Mao Lingchao, Wang Lujia, Hu Leland S, Eschbacher Jenny M, Leon Gustavo De, Singleton Kyle W, Curtin Lee A, Urcuyo Javier, Sereduk Chris, Tran Nhan L, Hawkins-Daarud Andrea, Swanson Kristin R, Li Jing
H. Milton Stewart School of Industrial and Systems Engineering, Georgia Institute of Technology, Atlanta, GA 30332 USA.
Department of Radiology at Mayo Clinic Arizona, Phoenix, AZ 85054 USA.
IEEE Trans Autom Sci Eng. 2024 Oct;21(4):6250-6264. doi: 10.1109/tase.2023.3323773. Epub 2023 Oct 23.
Precision medicine aims to provide diagnosis and treatment accounting for individual differences. To develop machine learning models in support of precision medicine, personalized models are expected to have better performance than one-model-fits-all approaches. A significant challenge, however, is the limited number of labeled samples that can be collected from each individual due to practical constraints. Transfer Learning (TL) addresses this challenge by leveraging the information of other patients with the same disease (i.e., the source domain) when building a personalized model for each patient (i.e., the target domain). We propose Weakly-Supervised Transfer Learning (WS-TL) to tackle two challenges that existing TL algorithms do not address well: (i) the target domain has only a few or even no labeled samples; (ii) how to integrate domain knowledge into the TL design. We design a novel mathematical framework of WS-TL to learn a model for the target domain based on paired samples whose order relationships are inferred from domain knowledge, while at the same time integrating labeled samples in the source domain for transfer learning. Also, we propose an efficient active sampling strategy to select informative paired samples. Theoretical properties were investigated. Finally, we present a real-world application in precision medicine of brain cancer, where WS-TL is used to build personalized patient models to predict Tumor Cell Density (TCD) distribution across the brain based on MRI images. WS-TL has the highest accuracy compared to a variety of existing TL algorithms. The predicted TCD map for each patient can help facilitate individually optimized treatment.

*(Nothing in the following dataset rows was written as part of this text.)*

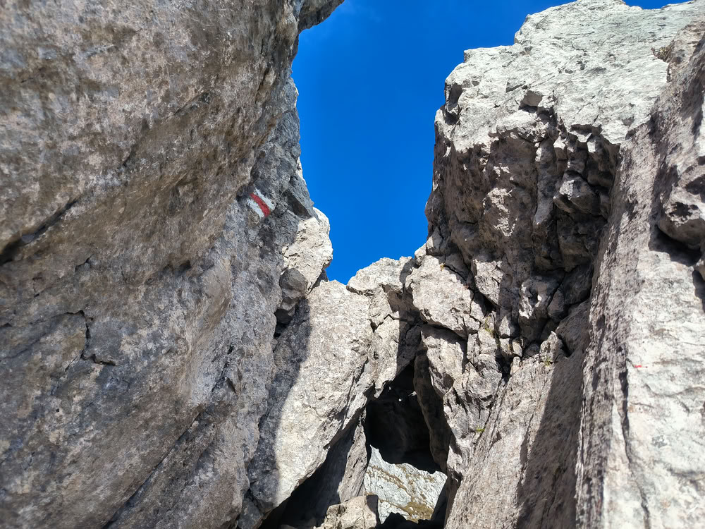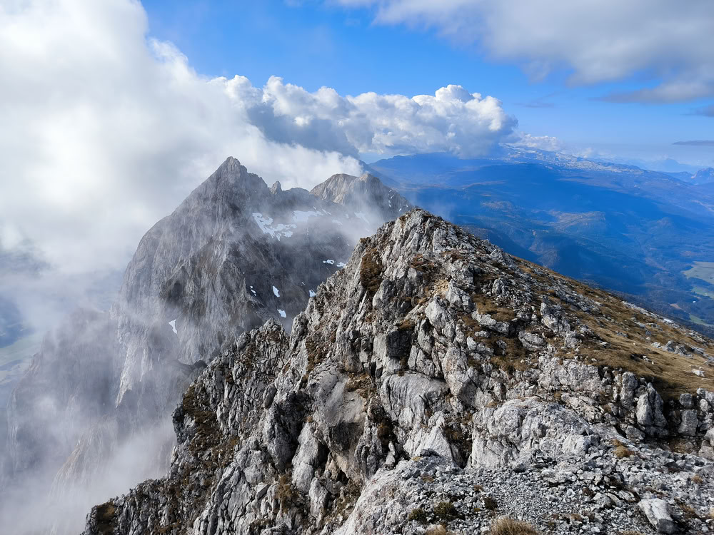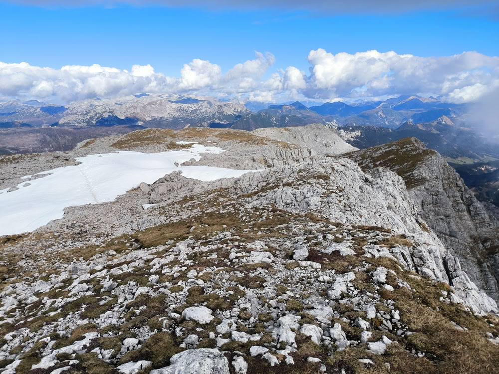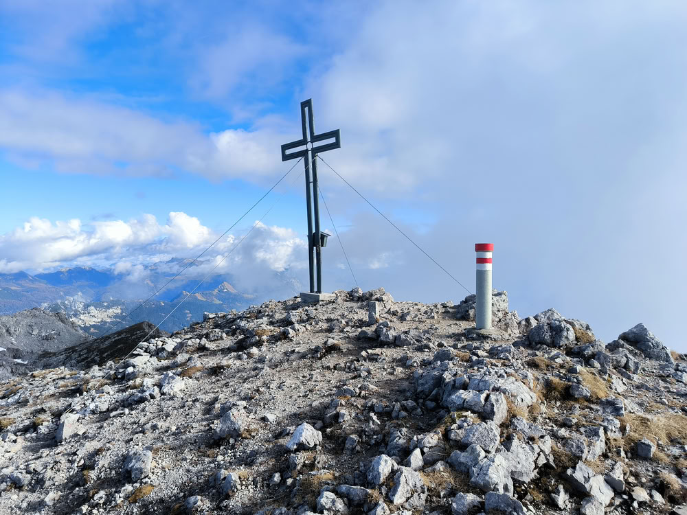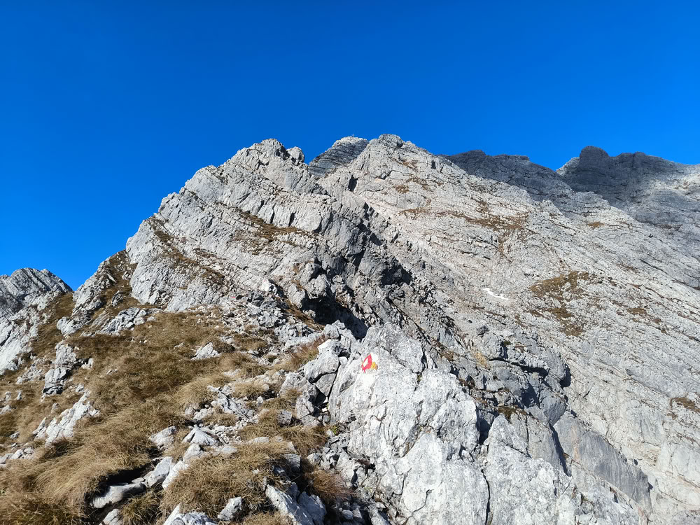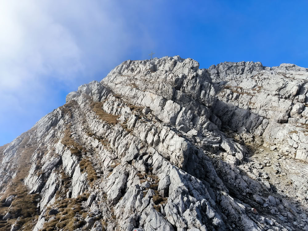 Byl jsem vcelku rád, když skončily trávy a konečně jsem v ruce zase mohl držet skálu. Poslední část hřebene je již čisté lezení úrovně I až II UIAA. Přelézá se několik věžiček a dokonce jeden menší komín. Vše je dobře označené a terče a šipky nás správně naváděly přímo po hřebeni, jindy tak trošku zprava. Pohled na poslední část vypadala vcelku hrozivě, ale zdání klame a najednou jsme se ocitli u vrcholového kříže. V této fázi jsme věděli, že nás čas moc netlačí a tak jsme si užívali vrcholu i výhledů z něj. Příjemný byl i následný kratší pochod po hřebeni směrem na vrcholek Multereck. Tam jsme si užili další krásné výhledy a zároveň jsme sledovali údolí, od kterého nás z Multerecku dělilo ještě přes 1500 výškových metrů.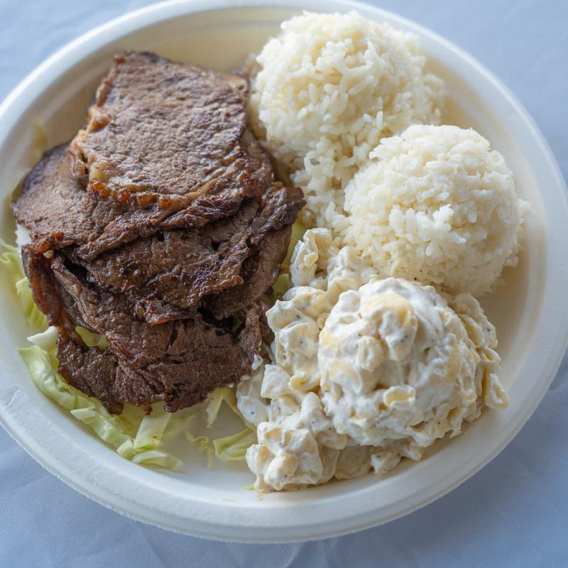 Includes one choice of meat, two eggs and two scoops of rice or toast. Select from BBQ Beef, BBQ Pork, Beef Cutlet, Pork Cutlet, Boneless Chicken, Hamburger Patty, Portuguese Sausage, Spam, Bacon and Wiener.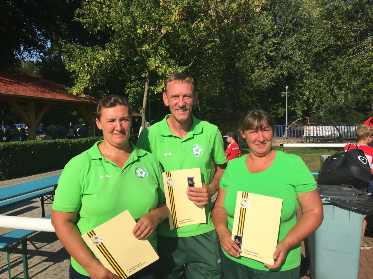 Wir danken Kerstin,Maik und Rosi für ihre geleistete Arbeit! Ohne euch wäre vieles nicht möglich. Alle 3 erhielten von Achim Golly die FSA Ehrennadel in Bronze.
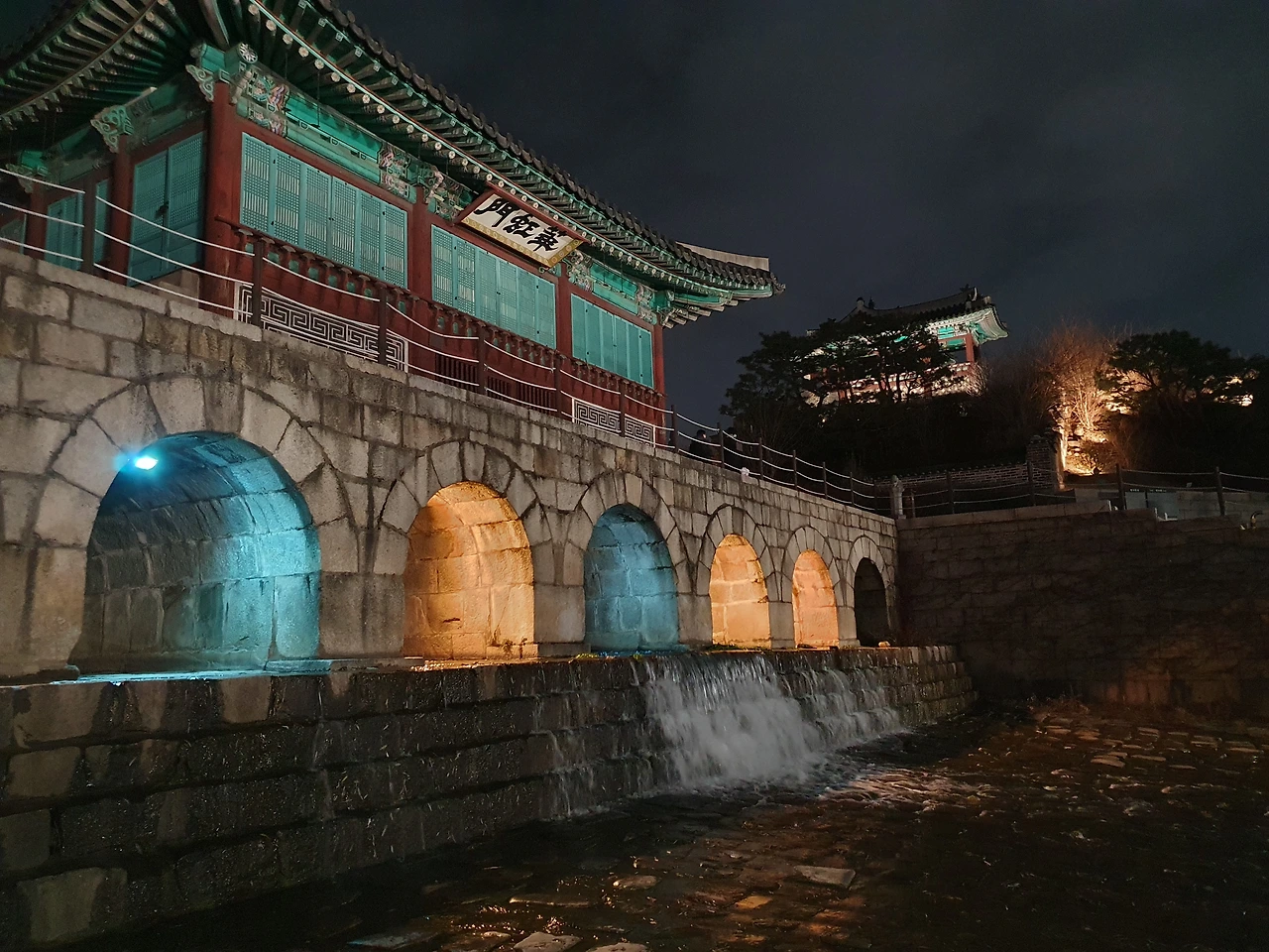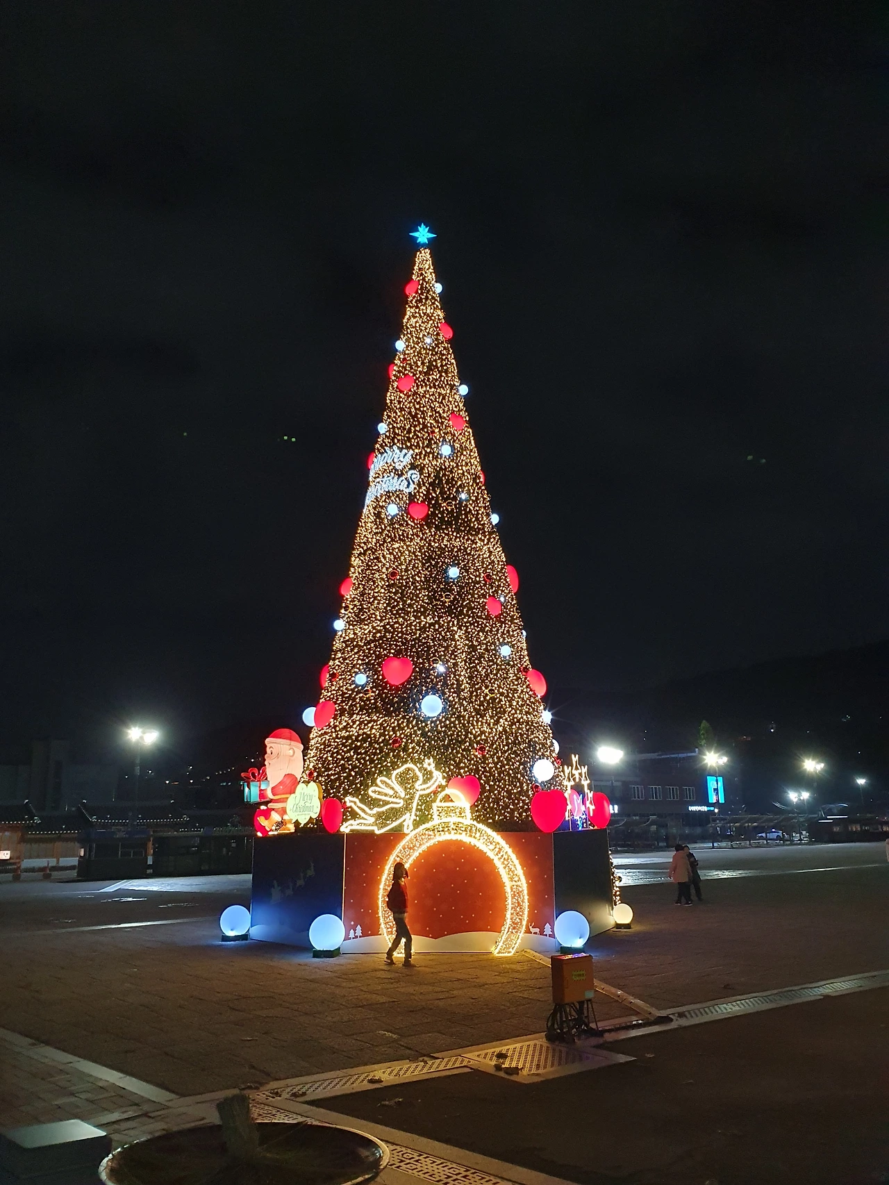 수원 종로에서 화성 행궁 방향으로 나와서 신호등을 기다리는데, 눈 앞에 10미터 높이의 크리스마스 트리에 조명이 켜져 있었다. 낮에 볼 때는 잘 몰랐는데, 이렇게 밤에 보니 은근 예쁘고 아기자기 하다. 크리스마스 트리 맨 위에 있는 파란 색 별은 나에게 뭐가 작은 희망을 주는 듯 하다. 올해 나에게 많은 일이 있었고, 고민도 많았는데, 잠시 별에 맡기고 산책을 했다.

精准医学旨在根据个体差异提供诊断和治疗。为了开发支持精准医学的机器学习模型,个性化模型有望比一刀切的方法具有更好的性能。然而,一个重大挑战是由于实际限制,从每个个体收集的标记样本数量有限。迁移学习(TL)通过在为每个患者(即目标域)构建个性化模型时利用患有相同疾病的其他患者(即源域)的信息来应对这一挑战。我们提出弱监督迁移学习(WS-TL)来解决现有TL算法未很好解决的两个挑战:(i)目标域只有少量甚至没有标记样本;(ii)如何将领域知识整合到TL设计中。我们设计了一种新颖的WS-TL数学框架,基于从领域知识推断出顺序关系的配对样本为目标域学习一个模型,同时整合源域中的标记样本进行迁移学习。此外,我们提出了一种高效的主动采样策略来选择信息丰富的配对样本。研究了理论性质。最后,我们展示了WS-TL在脑癌精准医学中的实际应用,其中WS-TL用于基于MRI图像构建个性化患者模型,以预测整个大脑的肿瘤细胞密度(TCD)分布。与各种现有TL算法相比,WS-TL具有最高的准确率。为每个患者预测的TCD图有助于促进个体化的优化治疗。